Let me try to explain some of what I believe the study shows. We should start with some preamble, to set the context.

Human groups may form for a couple of reasons. In Game Theory, one speaks of so-called cooperative and non-cooperative groups, but this doesn’t tell us about what force of attraction underlies the grouping. In a set of lecture notes, I proposed that we might understand this problem through a deeper understanding of the role of trust. Agents may accrete around a seed, coming together independently to contribute to a common cause (like fighting a common enemy or working on a common product), or they form clusters by pairwise percolation of promise relationships.
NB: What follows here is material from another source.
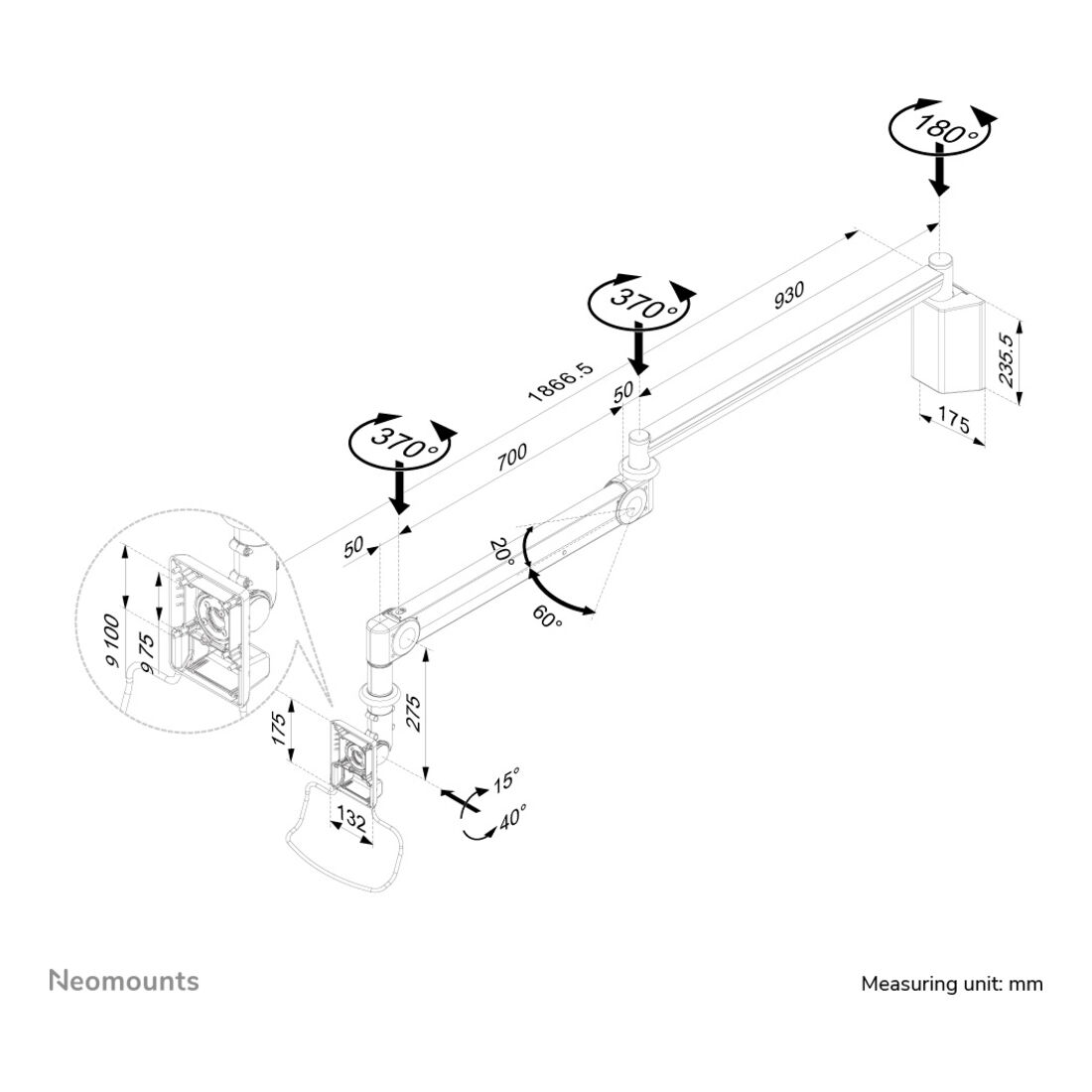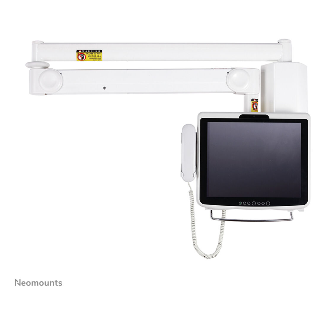 Neomounts FPMA-HAW100HC Supporto monitor a parete tipo medicale 10-32″ – alt. 0-170 cm – molla a gas. Peso massimo (capacità): 12 kg, Capienza minima dimensioni dello schermo: 25,4 cm (10″), Capienza massima dimensioni dello schermo: 81,3 cm (32″), Compatibilità interfaccia di montaggio (min): 75 x 75 mm, Compatibilità interfaccia di montaggio (max): 100 x 100 mm. Regolazione altezza, Angolo di rotazione: 0 – 270°, Inclinazione: 0 – 55°. Colore del prodotto: Bianco

In the figure below, the left hand picture typifies an organisation, and the right a more complex society.

Two ways groups come together: by aligning around a common seed like moths to a flame, or by mutual need to depend on one another's promises.

It can be argued that humans often care more about outcomes than other humans–and that outcomes are the subjects of promises. We might think that we wouldn’t accept a promise from someone we didn’t trust, and yet this happens everyday, because some promises are so important that we need them to be kept by someone and there might not be too many options. Do you trust the government? Do you trust your boss? Do you trust your team? Everyone’s answers to these questions will occasionally cross into darker territory, but that doesn’t lead to instant cutting of all ties. Needs overshadow trust.
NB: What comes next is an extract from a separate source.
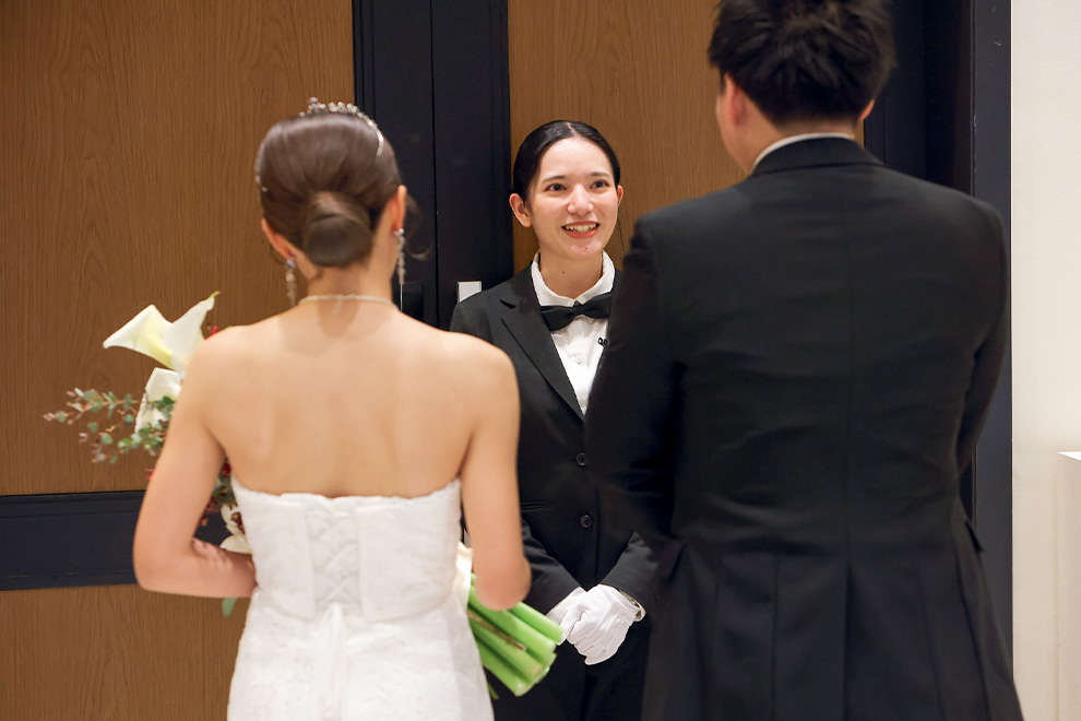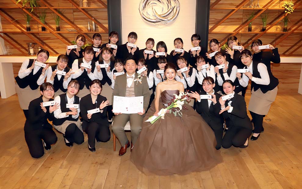 公募した新郎新婦の本物の結婚式をプロデュース!特別な日が最高のものとなるように、最初のお打合わせから当日のアテンドまで、生徒が力を合わせてサポートします。

Trust comes in two forms: trustworthiness assessments and invested trust, which I’ve argued behave like potential and kinetic forms. Kinetic or invested trust relates to the ancillary-process of monitoring a promised process. The more important a promise is, the less we trust its outcome to be given and the closer we attend to the promise keeping activity. In Promise Theory, any promise relationship is the result of some agent (person, thing, group, etc) offering a kind of an outcome (+) to another agent, who must then promise to accept it (-) and use it for a dipolar relationship to ensue. It costs both parties to enter into this bond. The result is a dependency.
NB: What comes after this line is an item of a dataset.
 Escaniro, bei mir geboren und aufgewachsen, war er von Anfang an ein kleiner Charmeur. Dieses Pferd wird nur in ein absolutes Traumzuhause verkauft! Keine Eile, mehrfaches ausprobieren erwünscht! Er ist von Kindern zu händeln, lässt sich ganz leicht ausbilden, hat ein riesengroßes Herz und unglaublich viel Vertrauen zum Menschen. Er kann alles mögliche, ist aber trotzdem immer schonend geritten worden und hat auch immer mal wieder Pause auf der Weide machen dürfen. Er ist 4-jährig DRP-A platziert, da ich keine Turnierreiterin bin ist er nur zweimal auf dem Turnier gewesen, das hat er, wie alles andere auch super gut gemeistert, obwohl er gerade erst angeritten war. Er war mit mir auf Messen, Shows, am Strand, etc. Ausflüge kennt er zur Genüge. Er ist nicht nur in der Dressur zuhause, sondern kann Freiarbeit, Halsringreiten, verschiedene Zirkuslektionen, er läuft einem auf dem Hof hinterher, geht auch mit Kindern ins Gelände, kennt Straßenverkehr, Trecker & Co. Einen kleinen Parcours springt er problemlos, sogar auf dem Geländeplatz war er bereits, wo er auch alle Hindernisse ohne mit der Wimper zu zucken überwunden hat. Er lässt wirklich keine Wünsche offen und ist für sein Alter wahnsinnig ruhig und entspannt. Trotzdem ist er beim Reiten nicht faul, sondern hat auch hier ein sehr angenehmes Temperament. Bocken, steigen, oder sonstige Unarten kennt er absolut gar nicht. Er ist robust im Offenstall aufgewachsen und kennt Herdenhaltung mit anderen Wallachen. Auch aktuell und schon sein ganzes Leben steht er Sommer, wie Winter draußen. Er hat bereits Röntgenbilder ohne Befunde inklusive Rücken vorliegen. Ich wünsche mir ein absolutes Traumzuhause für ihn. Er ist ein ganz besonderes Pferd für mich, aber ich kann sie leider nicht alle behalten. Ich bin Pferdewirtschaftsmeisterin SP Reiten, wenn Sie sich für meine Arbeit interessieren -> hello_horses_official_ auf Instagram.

So what is it that keeps groups of agents working together? This is sometimes hard to see impartially, but as we’ll see, the evidence from studying Wikipedia editing indicates that without dependency, agents not only drift apart quite easily but may actually drive one another apart by contention. If they need each other directly, but they do need the outcome that all of them are trying to deliver, they may fight over the outcome and stoke division.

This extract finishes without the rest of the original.